Dropping back down, Atlas snatched Rue's leash from Ry's hand and gripped it between his teeth. His tail whipped wildly. He was happy and attentive. He took off at a trot, dragging Rue several steps before she balked. He then slowed his stride so the golden could keep up and they headed down the sidewalk.
Beth stared after them, utterly blown away. She wouldn't have believed it, had she not seen it. She needed to catch up to them, she realized, or her chances of landing this job were long gone. They were already a half-block ahead of her. The dachshunds had short legs. She decided to scoop them up and carry them, tucking each under an arm. Like footballs.
She left Rylan standing on the crosswalk, not daring to turn around to see if he was watching her. She was already so embarrassed, she didn't want to mess this up, too. No doubt he was observing her every move. His judging her did not sit well. People in her past had taken her to task, and she'd not enjoyed the criticism.
Jogging, she caught up with Atlas and Rue. Ry trailed behind them in the McLaren. Apparently he didn't trust her to cover the three blocks alone. Not that she blamed him. What dog owner wanted to see his animals sprawled out and asleep on the asphalt? It was not a pretty sight.
Rylan's two-story cottage sat west of Center Street on Manatee Way. The heavily wooded lot provided him privacy. Only hints of gray paint and white shutters could be seen through the trees.
Slowing to catch her breath, Beth followed the lime rock driveway that wound between tall hedges. She pulled in her gut and kept going. She was determined Atlas and company weren't going to get the better of her. The problem was, they knew the terrain, and she did not.
She nearly turned her ankle on a loose stone in her attempt to keep up with the lead dogs. She winced, wanting to stop and rub her foot, but they had picked up the pace and were headed for their water bowls aligned in a row on the porch.

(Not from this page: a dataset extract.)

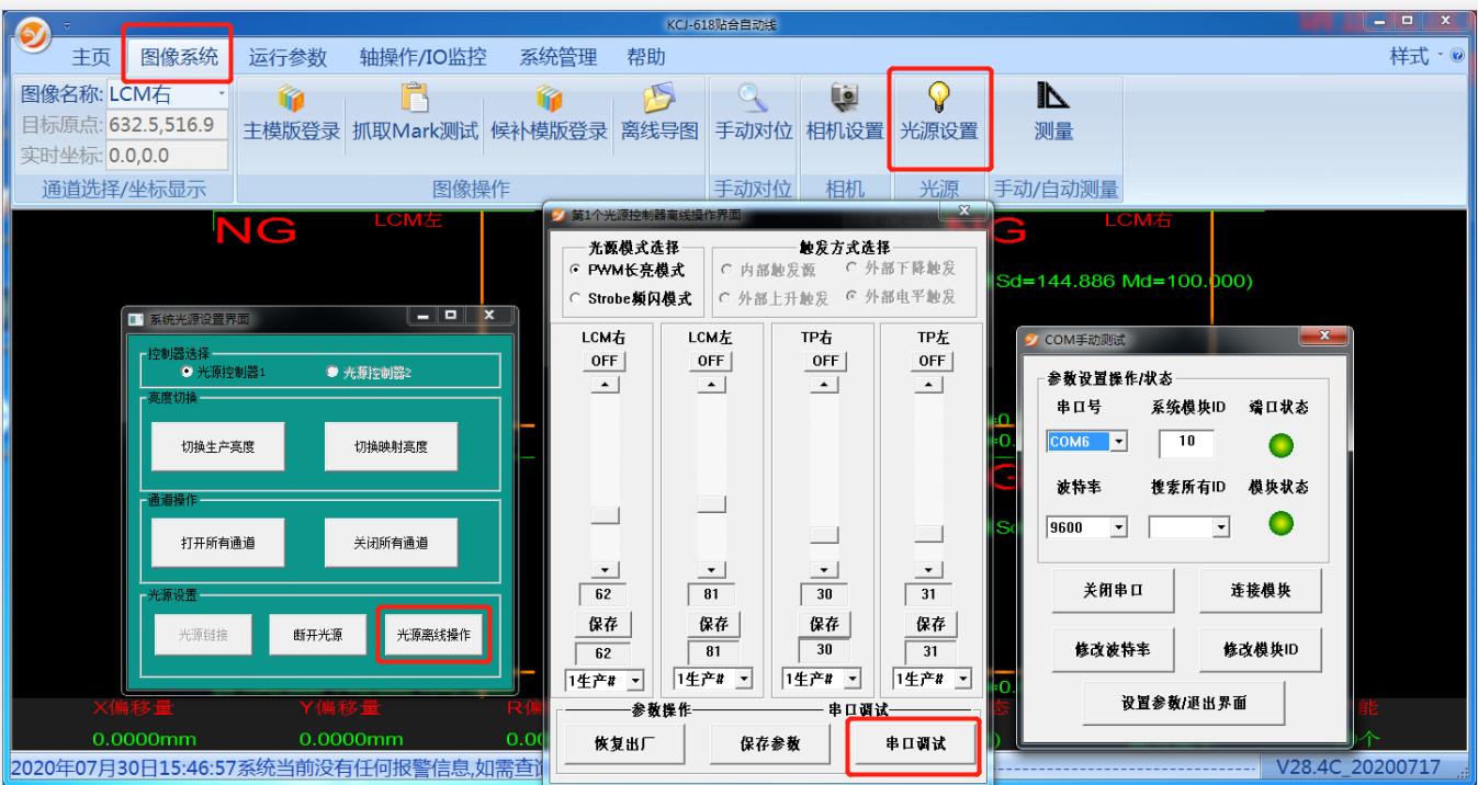 →將光源(yuan)連接(jie)到光源(yuan)控制(zhi)器(qi)上,點擊(ji)圖中⑧所在區域中的(de)按鈕及(ji)滑塊控制(zhi)光源(yuan)開關(guan)及(ji)亮滅,確(que)認(ren)光源(yuan)控制(zhi)器(qi)無(wu)異(yi)常(chang),如果(guo)異(yi)常(chang)請找技(ji)術(shu)確(que)認(ren)問題并解決。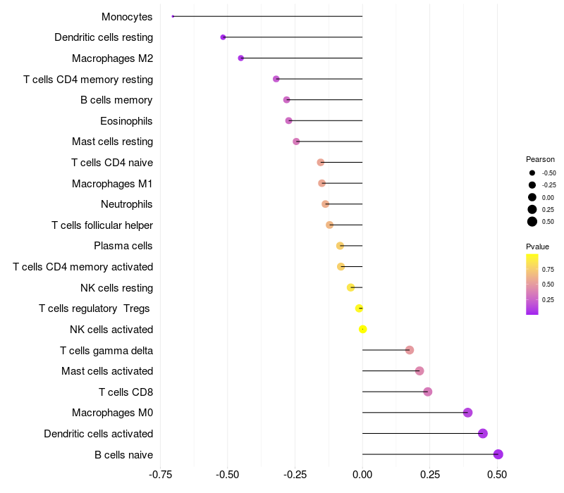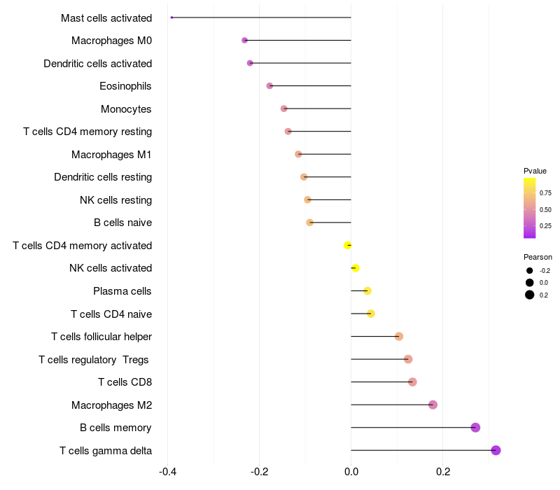 Relationship between gene expression and immune infiltrating cell level

The dachshunds squirmed in her arms, wanting down. Once on the ground, they scrambled up the steps.
Tires crunched on the driveway behind her, and she heard Coldplay on Ry's car radio before the engine cut off. Exhaling, she pushed back the hair falling into her eyes and straightened her top. She barely had time to adjust her shorts before Rylan joined her at the front of the house. He looked down at her. She tried not to notice that his light eyes looked tired and he hadn't shaved this morning. He seemed to have a lot on his mind. Perhaps the man needed an assistant more than she'd realized. She hoped it would be her.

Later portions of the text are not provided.